4.2. Whipple’s Disease
Tropheryma whipplei, a Gram-negative bacterium, is the causative agent of Whipple’s disease, which may cause clinical manifestations from various systems, including the gastrointestinal tract (diarrhea and weight loss) and the joints (arthralgia and, in some patients, arthritis). The identification of genetic molecules of the bacterium by PCR or the bacterium itself by periodic acid-Schiff (PAS) staining of biopsy specimens confirms the diagnosis.
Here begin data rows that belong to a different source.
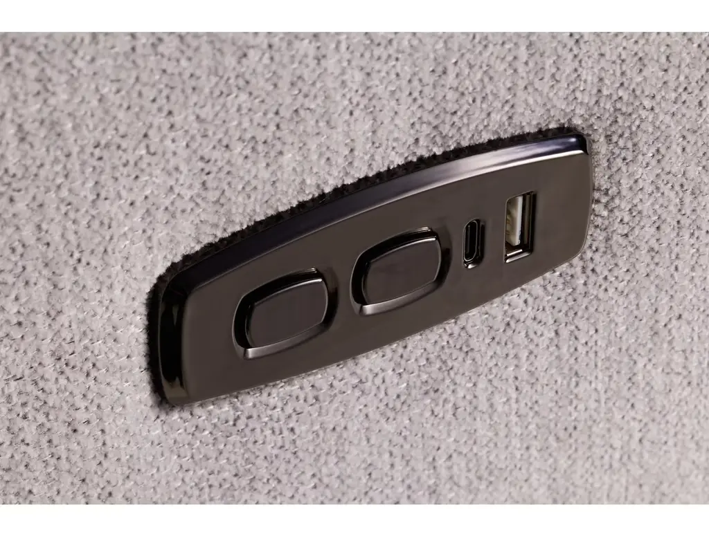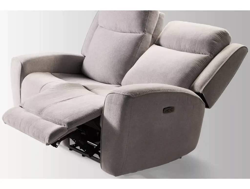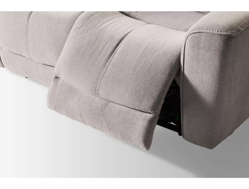 Relax in luxurious comfort with the Apollo Power Loveseat Recliner with Power Headrest from Kuka Furniture. This contemporary-style loveseat features soft fabric upholstery with track arms, and channeled backs and footrests. View your favorite programs sitting upright or recline and take a nap at the touch of a button. A convenient USB port lets you charge your electronic device while you recline.
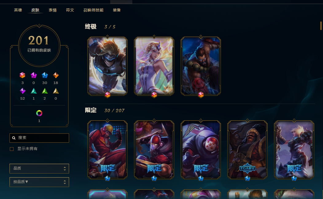 126个英雄201个皮肤。没怎么玩了,拿出来给大家玩玩...
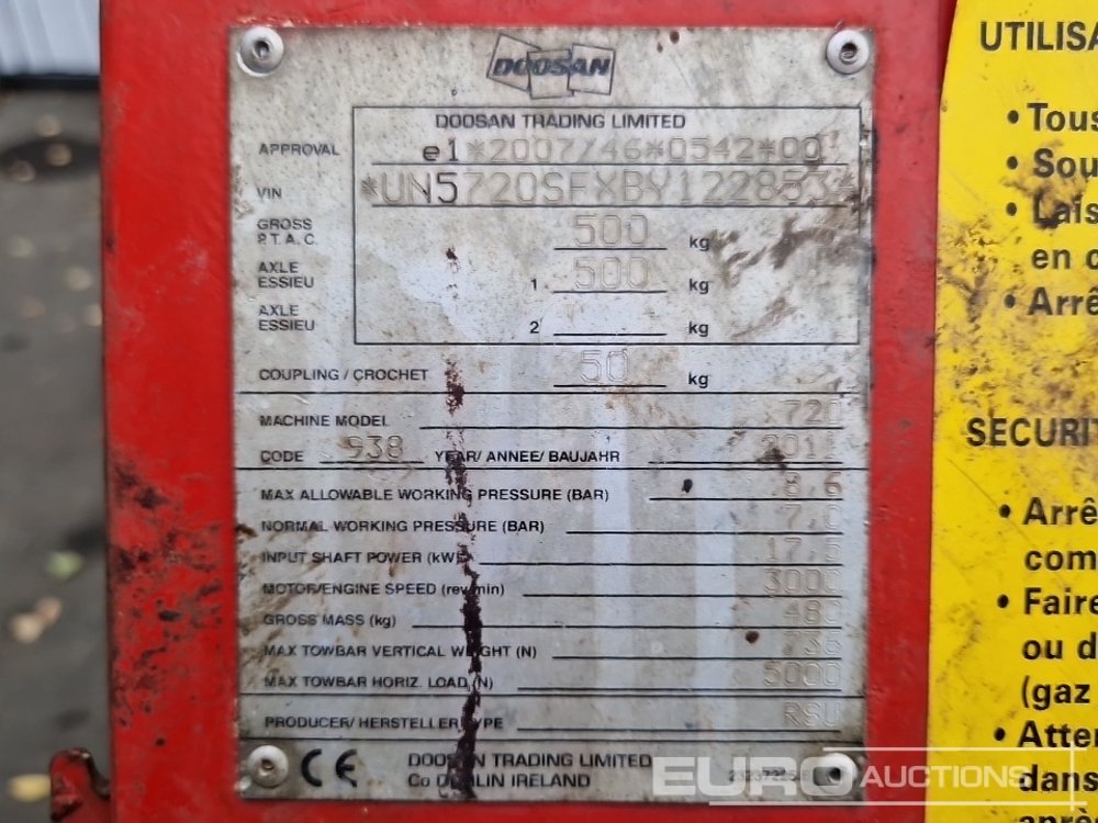 2011 Doosan 7/20 65CFM Single Axle Compressor (Meter Reading: 863 Hours) - UN5720SFXBY122853
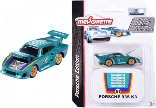 Ten dopracowany w detalach samochodzik Porsche Motorsport Deluxe o długości 7,5 cm ucieszy małych kierowców i zapalonych kolekcjonerów. Metalowa konstrukcja w połączeniu z gumowymi oponami zapewnia przyjemne wrażenia z jazdy i długą trwałość, a otwierane elementy ujawniają imponujące detale wnętrza.
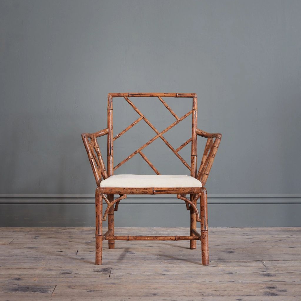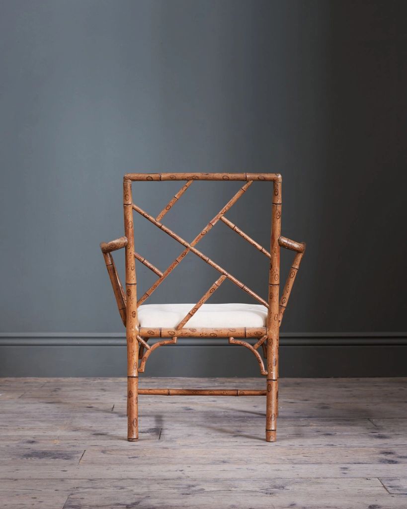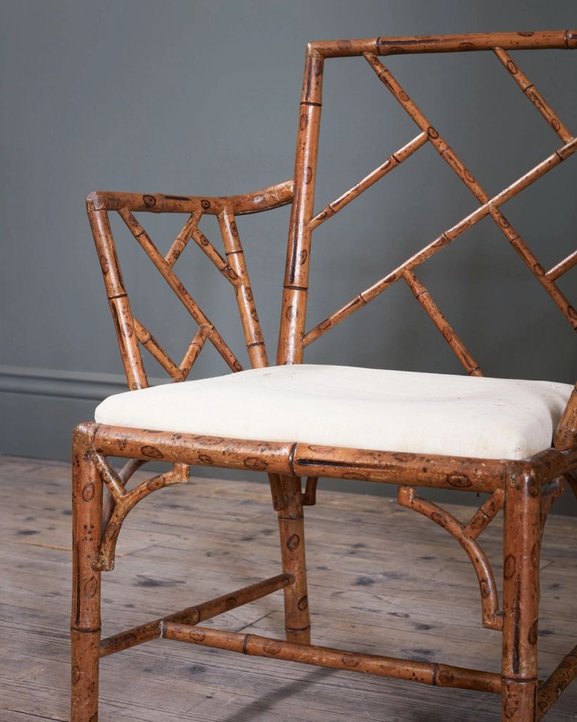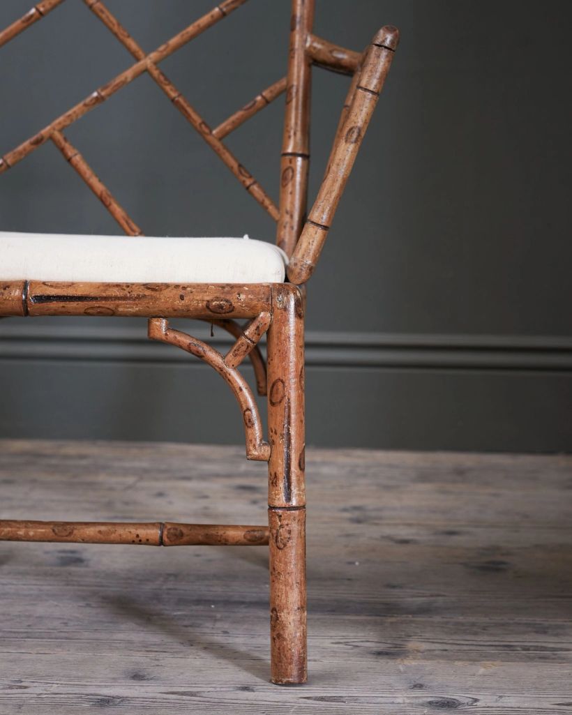 In the manner of Linnell, c.1770. Closely related in form to the Scottish ‘Cockpen’ chair, the spotted surface and faux bamboo design of these examples lend a freshness to their untouched surfaces. The drop-in seats stripped to calico, with spandrels and gently raking backs.
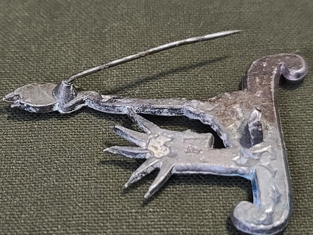 Vintage WWII Remember Pearl Harbor pin with the Statue of Liberty. Unique piece. The red white and blue colors around the Remember Pearl Harbor writing have faded a bit. and The red on the torch has rubbed off a little. Some wear on the pin itself.
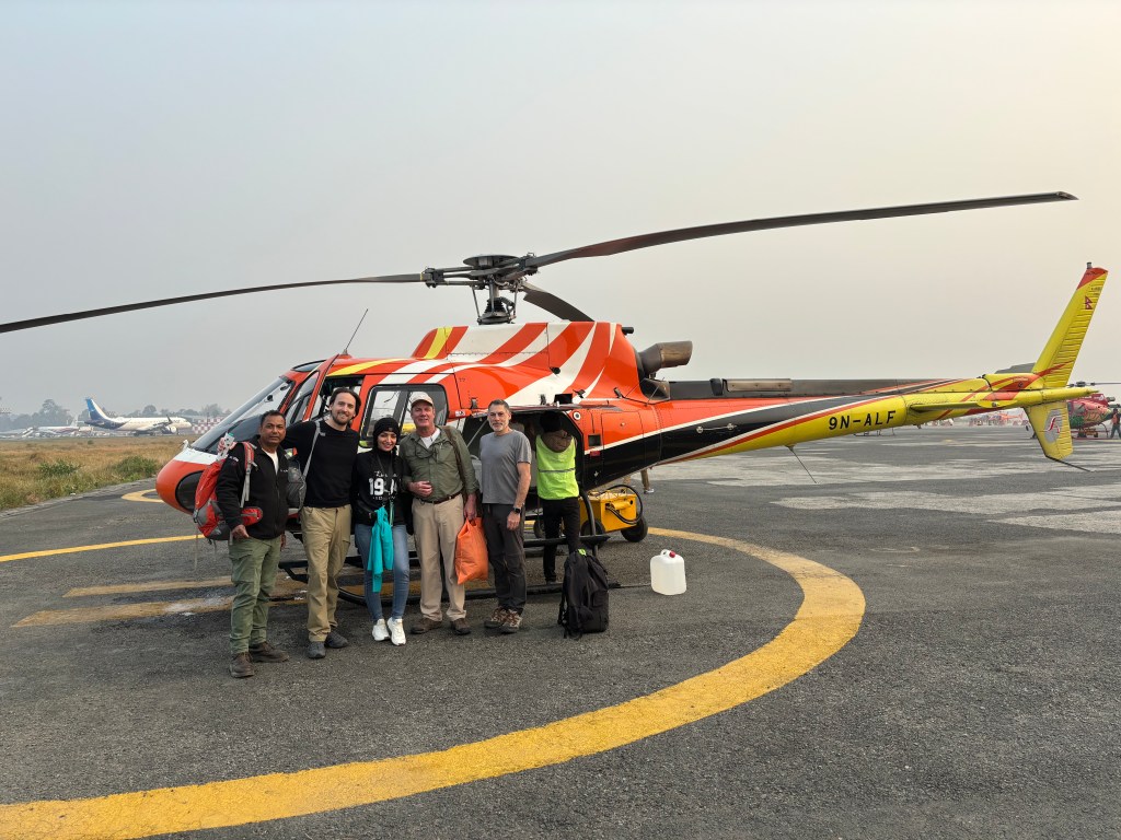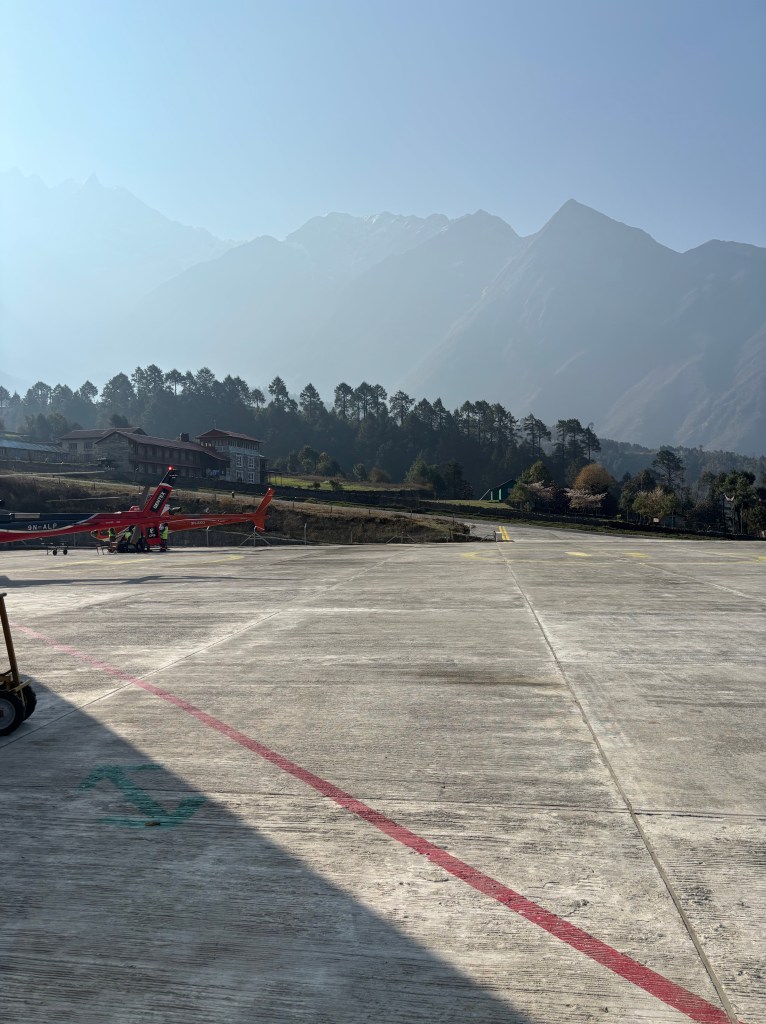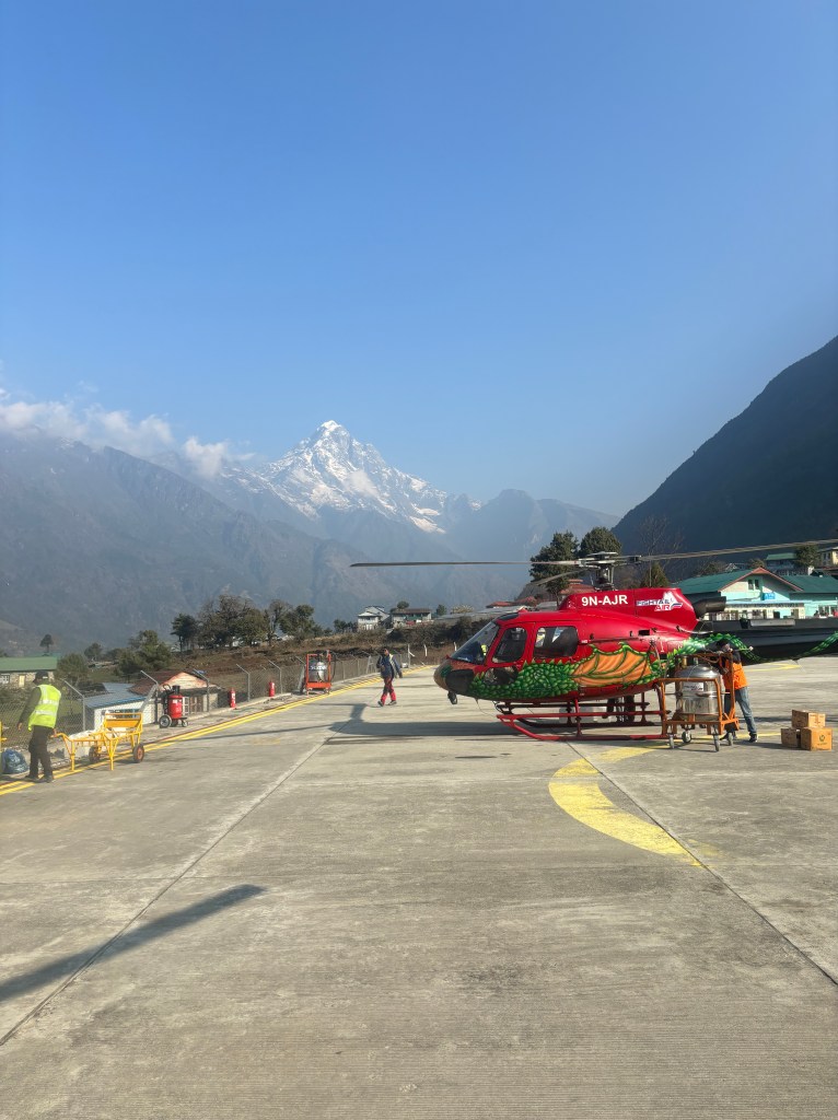 We met in the lobby at 5:30 for the airport. Navigating Kathmandu at that time is 1000% easier than when the city is up and at ‘em. We got to the airport, went through the necessary security steps, and were taken to our helicopter.

Antibiotic treatment with intravenous ceftriaxone or penicillin G is recommended to initially treat the Tropheryma whipplei infection, which usually leads to significant improvement in symptoms [81]. Subsequently, maintenance therapy with oral antibiotics, typically trimethoprim-sulfamethoxazole, is administered for 1–2 years in patients with Whipple’s disease [82].
4.3. Rheumatic Fever
Untreated infection of the pharynx by group A Streptococcus can lead to rheumatic fever, a disease characterized by clinically significant manifestations, including fever, arthritis, carditis, skin rash, subcutaneous nodules, and chorea. Rheumatic fever is an autoimmune sequela of this specific infection, especially in children and adolescents.
Antimicrobial treatment (preferably with penicillin in the absence of a history of allergy) is necessary for the treatment of patients with acute streptococcal pharyngitis [83,84,85]. In addition, long-term secondary prevention with penicillin prophylaxis treatment is needed to reduce the probability of recurrence of rheumatic fever and prevent progression to rheumatic heart disease [83,86].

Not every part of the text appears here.